Tool making
Tool making typically means making tooling used to produce products. Common tools include metal forming rolls, lathe bits, milling cutters, and form tools. Tool making may also include precision fixturing or machine tools used to manufacture, hold, or test products during their fabrication. Due to the unique nature of a tool maker's work, it is often necessary to fabricate custom tools or modify standard tools.
Die making
Die making is a subgenre of tool making that focuses on making and maintaining dies. This often includes making punches, dies, steel rule dies, and die sets. Precision is key in die making; punches and dies must maintain proper clearance to produce parts accurately, and it is often necessary to have die sets machined with tolerances of less than one thousandth of an inch.
Conventional machining, one of the most important material removal methods, is a collection of material-working processes in which power-driven machine tools, such as lathes, milling machines, and drill presses, are used with a sharp cutting tool to mechanically cut the material to achieve the desired geometry. Machining is a part of the manufacture of almost all metal products, and it is common for other materials, such as wood and plastic, to be machined. A person who specializes in machining is called a machinist. A room, building, or company where machining is done is called a machine shop. Much of modern day machining is controlled by computers using computer numerical control (CNC) machining. Machining can be a business, a hobby, or both.
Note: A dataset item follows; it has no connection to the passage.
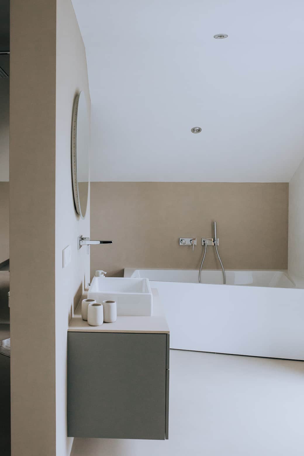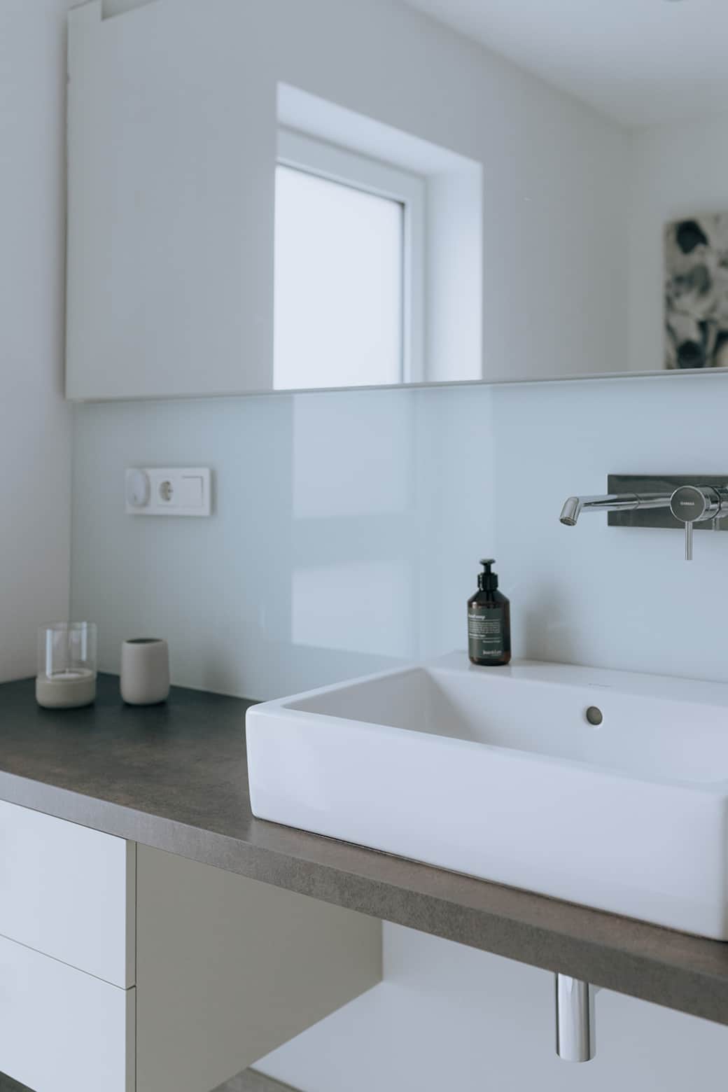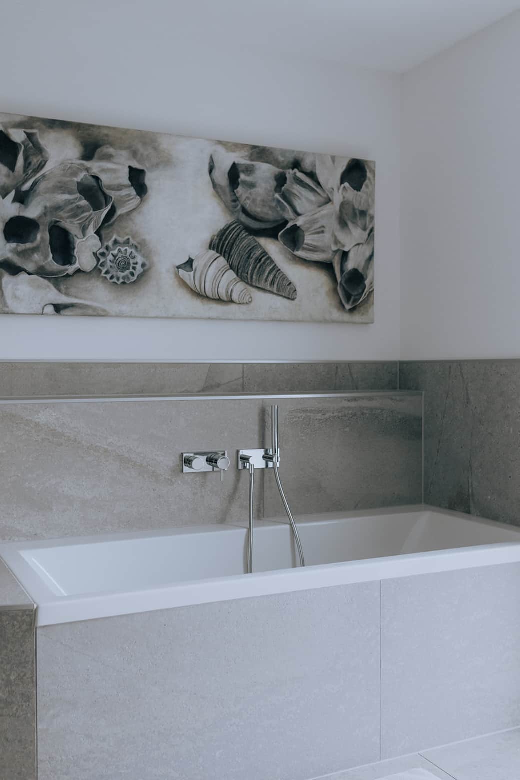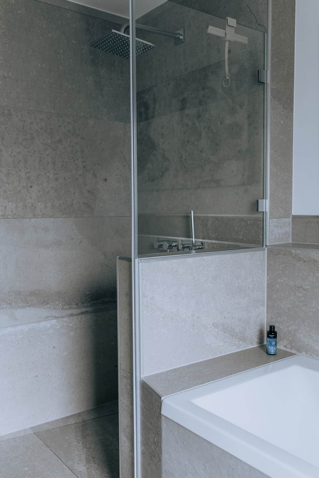 Auf jeder der beiden Etagen befindet sich ein modernes Badezimmer, zusätzlich ergänzt durch ein separates WC im Erdgeschoss. Das Bad im Obergeschoss ist fugenlos gestaltet und besticht durch sein elegantes, zeitloses Design. Im Erdgeschoss sorgen großformatige Fliesen für eine stilvolle und pflegeleichte Atmosphäre. Beide Bäder sind mit einer Dusche und einer Badewanne ausgestattet und bieten zudem ein Waschbecken sowie großzügige Stauflächen für persönliche Pflegeartikel.

The precise meaning of the term "machining" has evolved over the past 1.5 centuries as technology has advanced. During the Machine Age, it referred to (what we today might call) the "traditional" machining processes, such as turning, boring, drilling, milling, broaching, sawing, shaping, planing, reaming, and tapping, or sometimes to grinding. Since the advent of new technologies such as electrical discharge machining, electrochemical machining, electron beam machining, photochemical machining, and ultrasonic machining, the retronym "conventional machining" can be used to differentiate the classic technologies from the newer ones. The term "machining" without qualification usually implies conventional machining.